Actual example of model input (left) and output (right). |
comparative performance
We also sought to understand how patients and clinicians currently perform in deciphering clinical notes and how our model compares. We found that lay people (people without specific medical training) demonstrated less than 30% comprehension of the abbreviations present in the sample medical texts. When we let them use Google Search, their comprehension increased to almost 75%, leaving 1 in 5 abbreviations undecipherable. As expected, medical students and trained physicians performed much better on the task with 90% accuracy. We found that our largest model was able to match or beat the experts, with 98% accuracy.
How does the model perform so well compared to the doctors in this task? There are two important factors in the high comparative performance of the model. Part of the discrepancy is that there were some abbreviations that doctors didn’t even try to expand (such as “cm” per centimeter), which partly reduced the measured performance. This may seem unimportant, but for non-English speakers these abbreviations may not be familiar, so it may be helpful to write them down. Rather, our model is designed to comprehensively expand abbreviations. Also, doctors are familiar with the abbreviations they often see in their specialty, but other specialists use abbreviations that are not understood by those outside their fields. Our model is trained on thousands of abbreviations across multiple specialties and can therefore decipher a variety of terms.

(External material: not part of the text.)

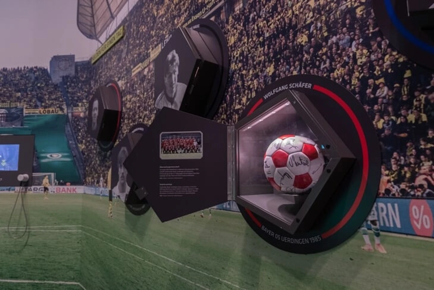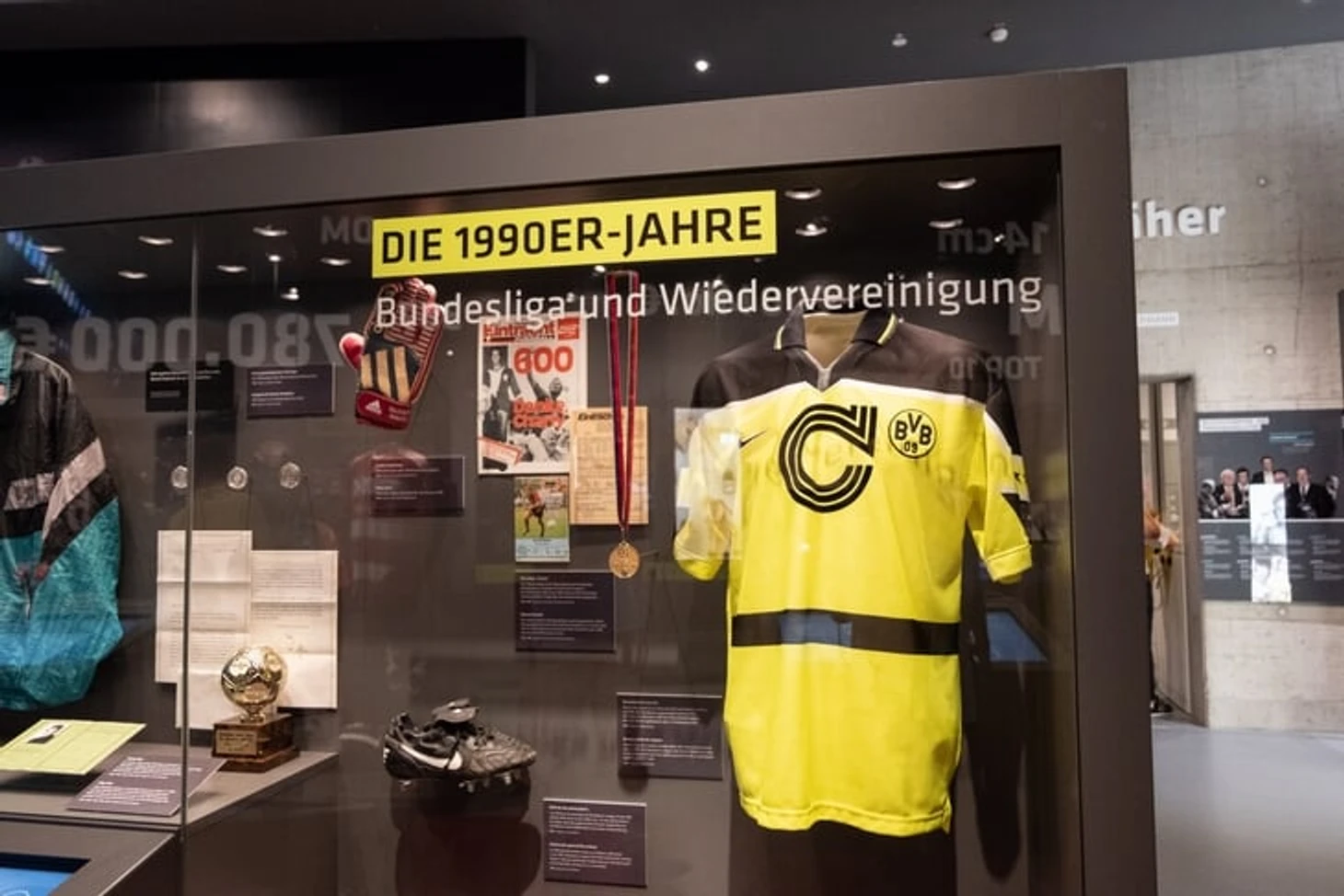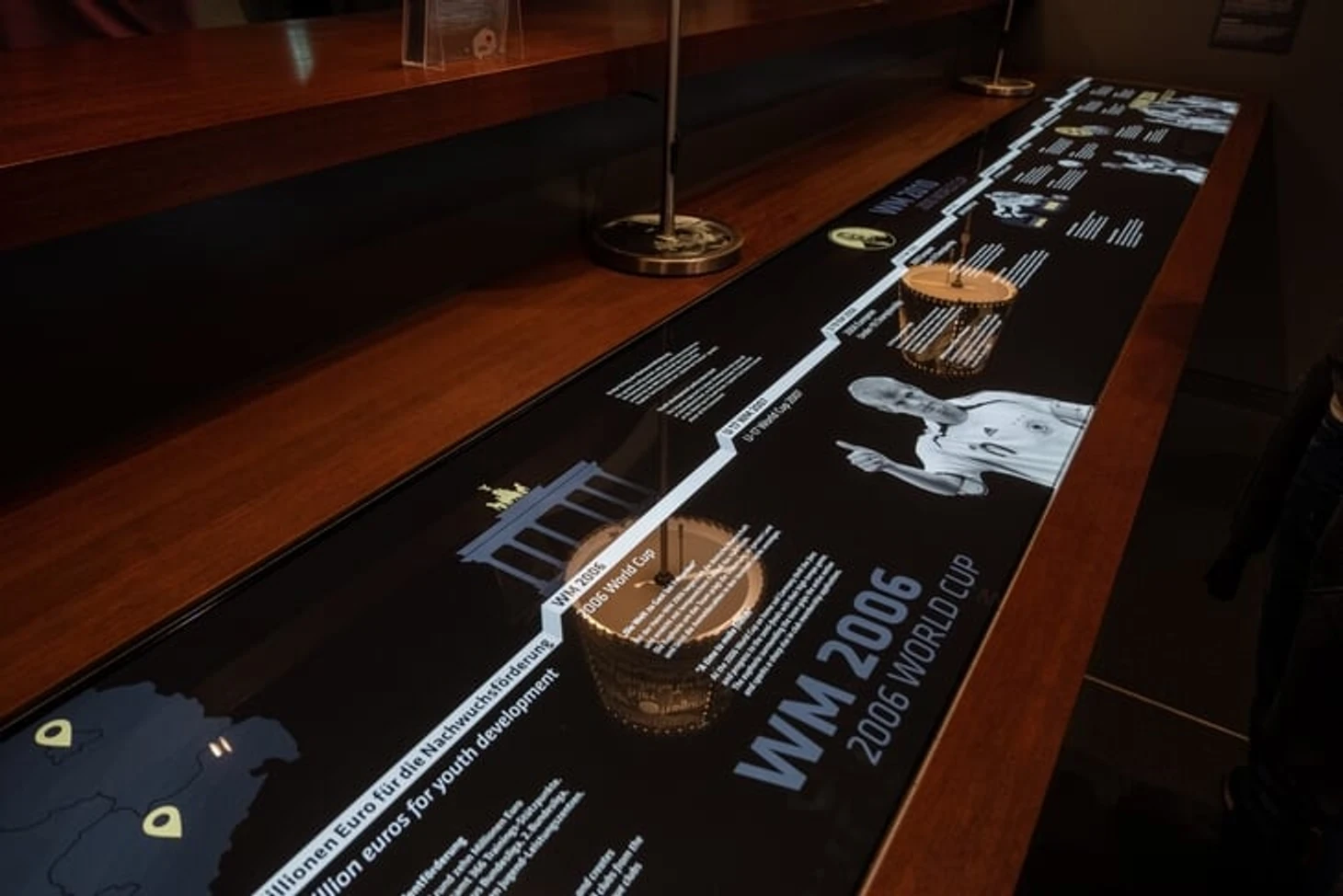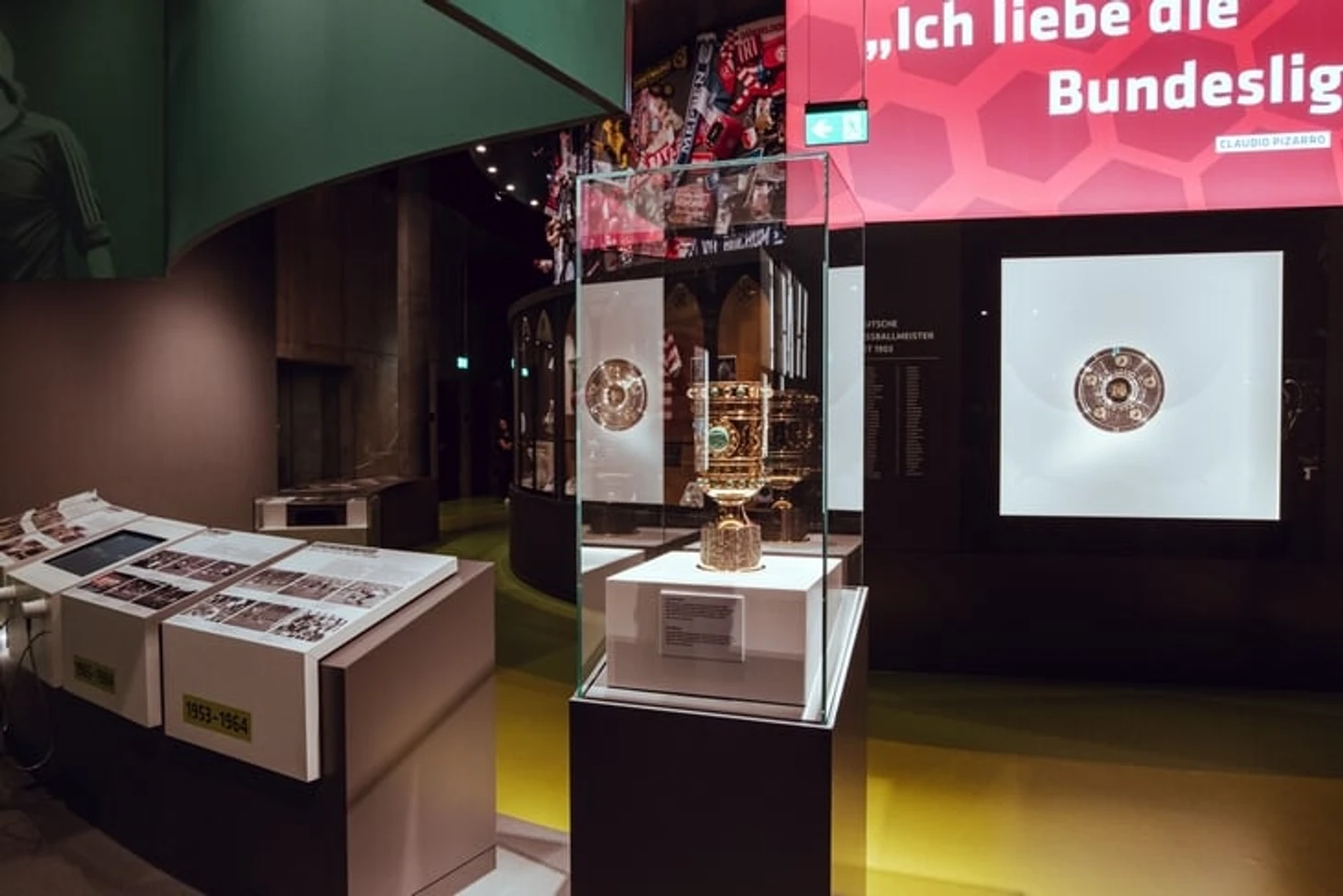 На огромном мяче показывают видео о ЧМ в Бразилии с Йоги Левом, Оливером Бирхоффом и игроками. Вокруг этого круглого экрана витрина с такими экспонатами, как бутса Марио Гетце с финального матча, медаль чемпиона мира Матса Хуммельса, формы вечных соперников Кана и Леманна.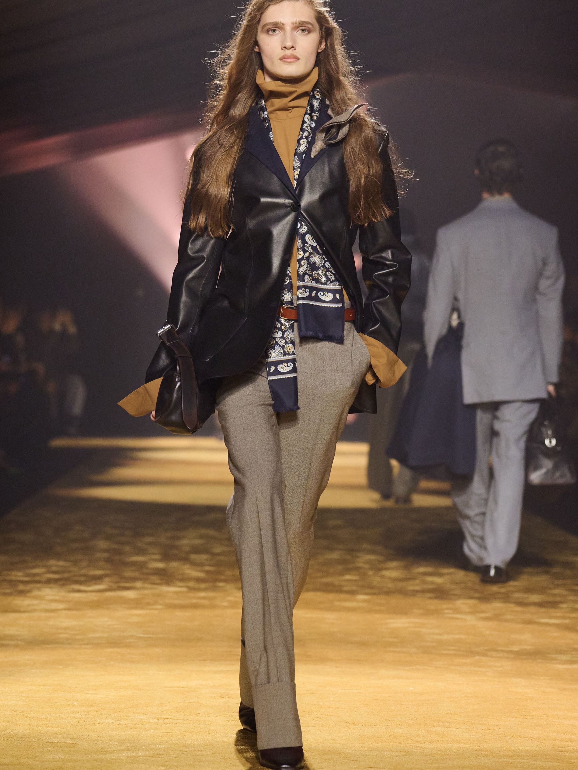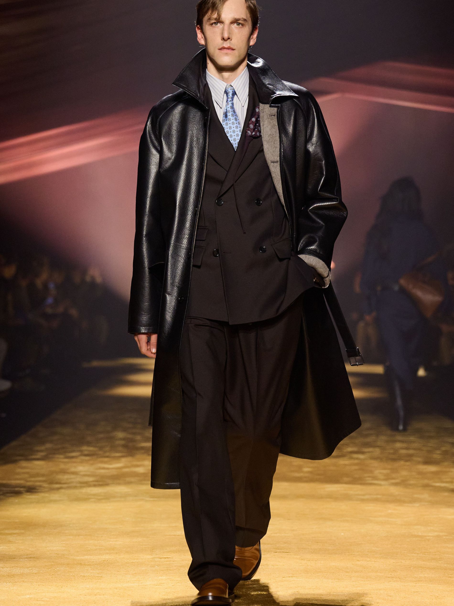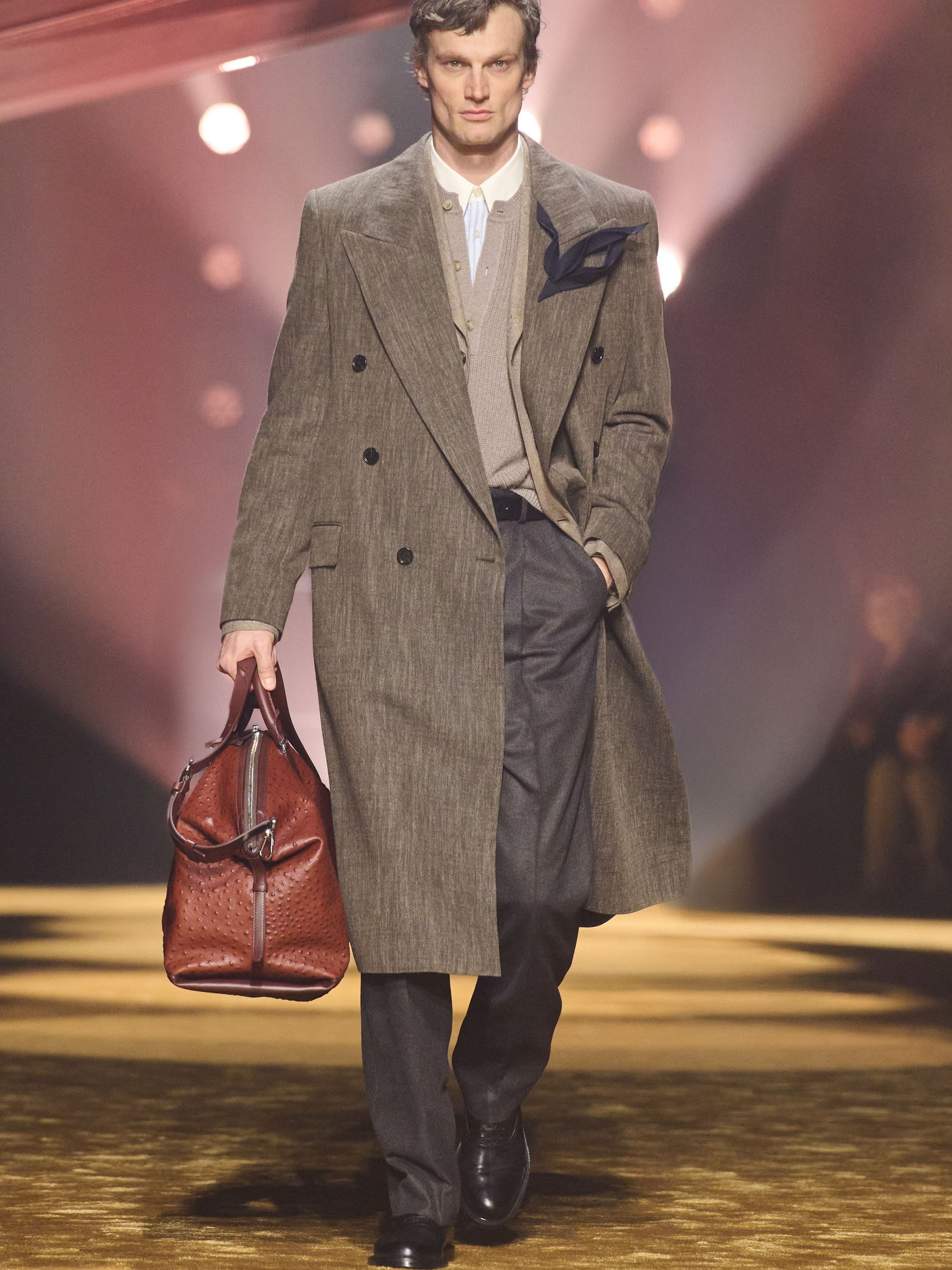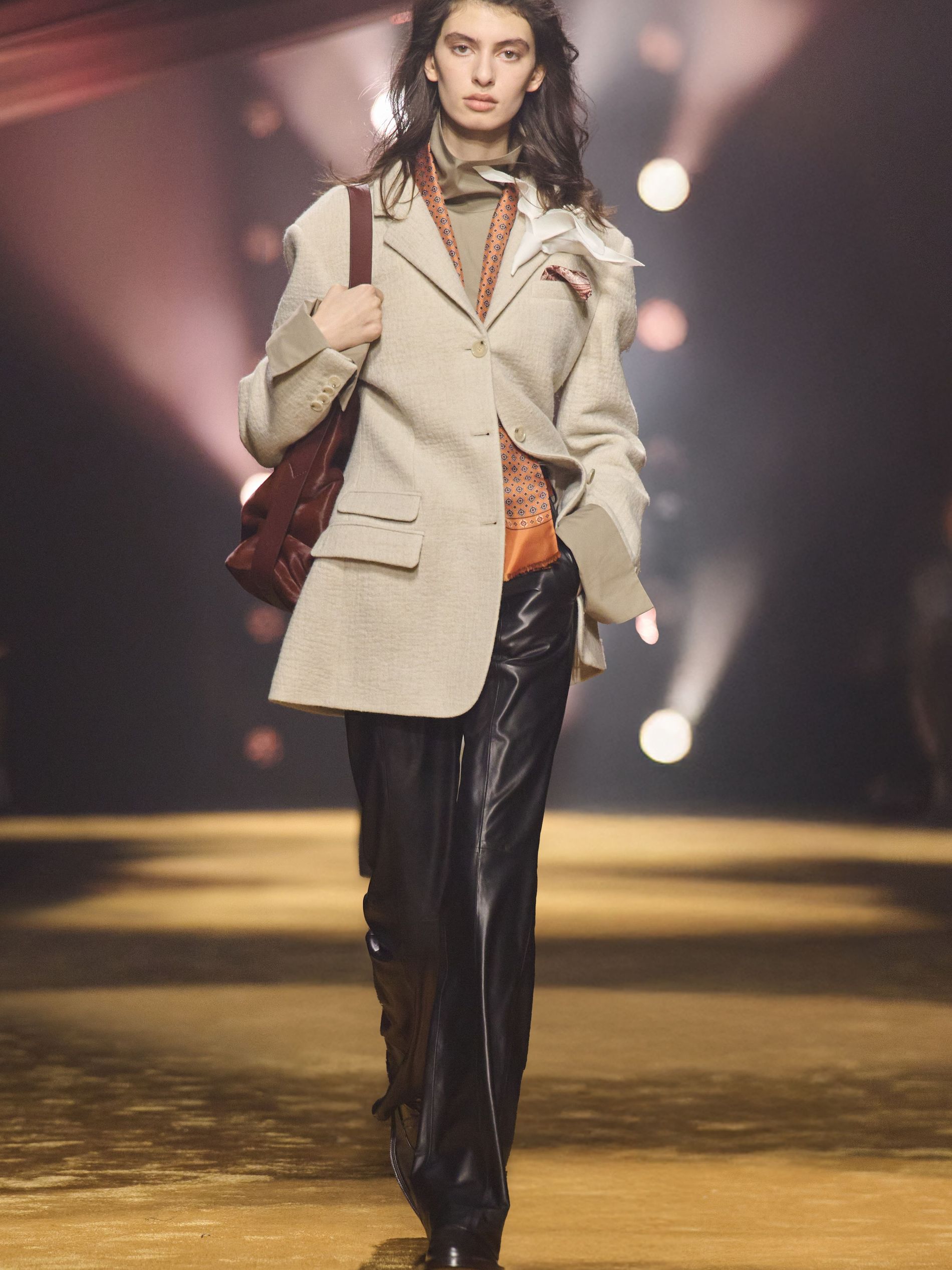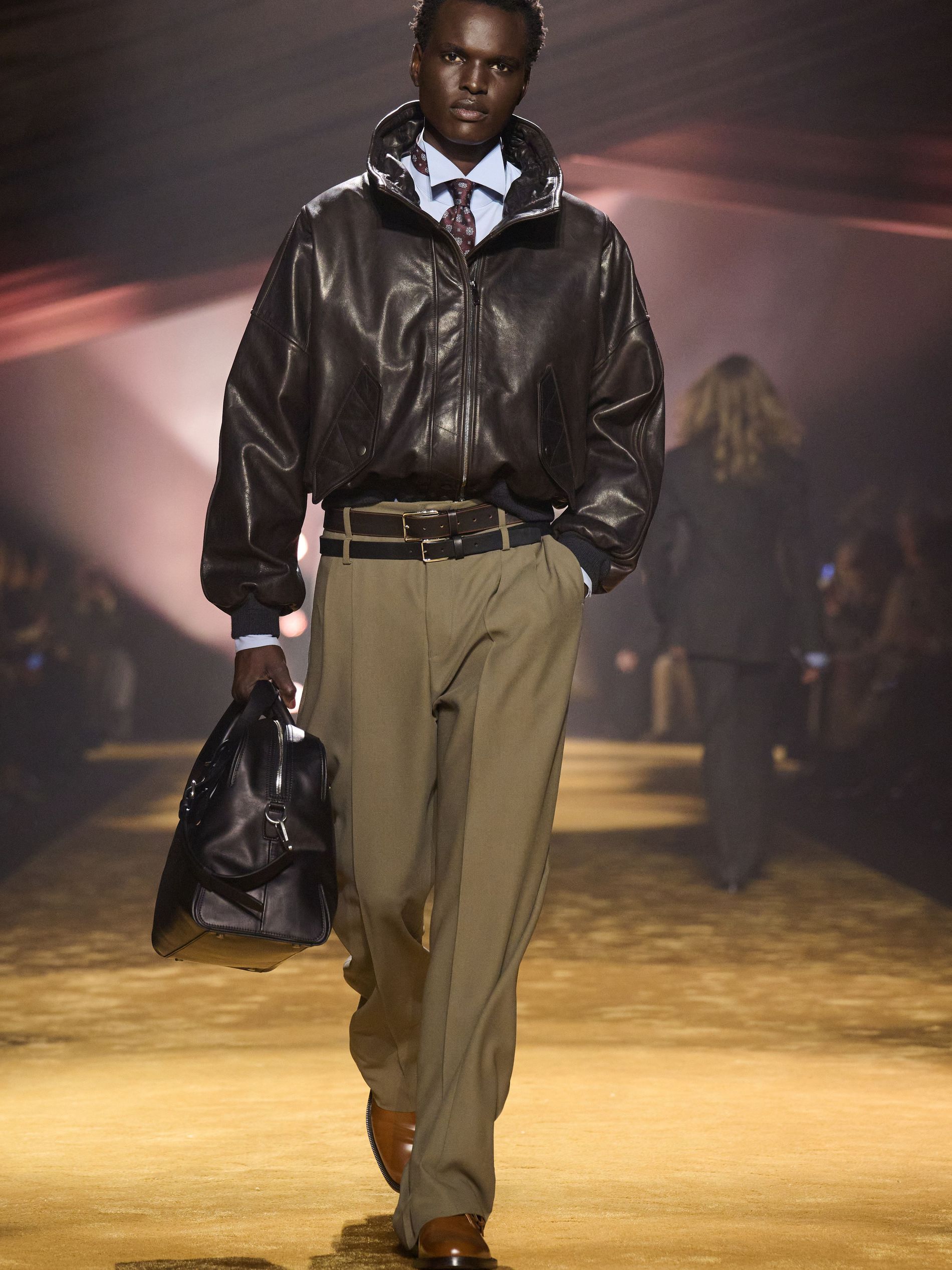 Within this palpable mood, the spine of the show was tailoring. “In tailoring – whether a three-button single-breasted suit, a perfectly tailored coat, a crisp shirt, or the most elegant silk neckwear – the message on the runway is clear: it’s even more powerful when you make it your own,” said Falcioni. There were boxy three-button suits with a ’90s sobriety, double-breasted numbers cut broad through the shoulder with a subtle power surge, and trim sack shapes that felt lifted from an executive floor circa 1988 and reissued for now. “One of our key ambitions was to position tailoring within a more lifestyle-driven context, moving away from traditional office attire and aligning it with hybrid situations.” Trousers were tucked into hybrid boot-loafers – “whose silhouettes are derived from an archival men’s loafer” – and leather blousons were cinched into double-belted waists.

Towards better health literacy
We believe there are numerous avenues in which LLMs can help improve patients’ health literacy by increasing the information they see and read. Most LLMs are trained in data that doesn’t look like clinical note data, and the unique distribution of this data makes it difficult to implement these out-of-the-box models. We have shown how to overcome this limitation. Our model also serves to “normalize” clinical note data, enabling additional ML capabilities to make the text easier to understand for patients of all levels of education and health literacy.
Thanks
This work was carried out in collaboration with Yuchen Liu, Jonas Kemp, Benny Li, Ming-Jun Chen, Yi Zhang, Afroz Mohiddin, and Juraj Gottweis. We thank Lisa Williams, Yun Liu, Arelene Chung, and Andrew Dai for many helpful conversations and discussions about this work.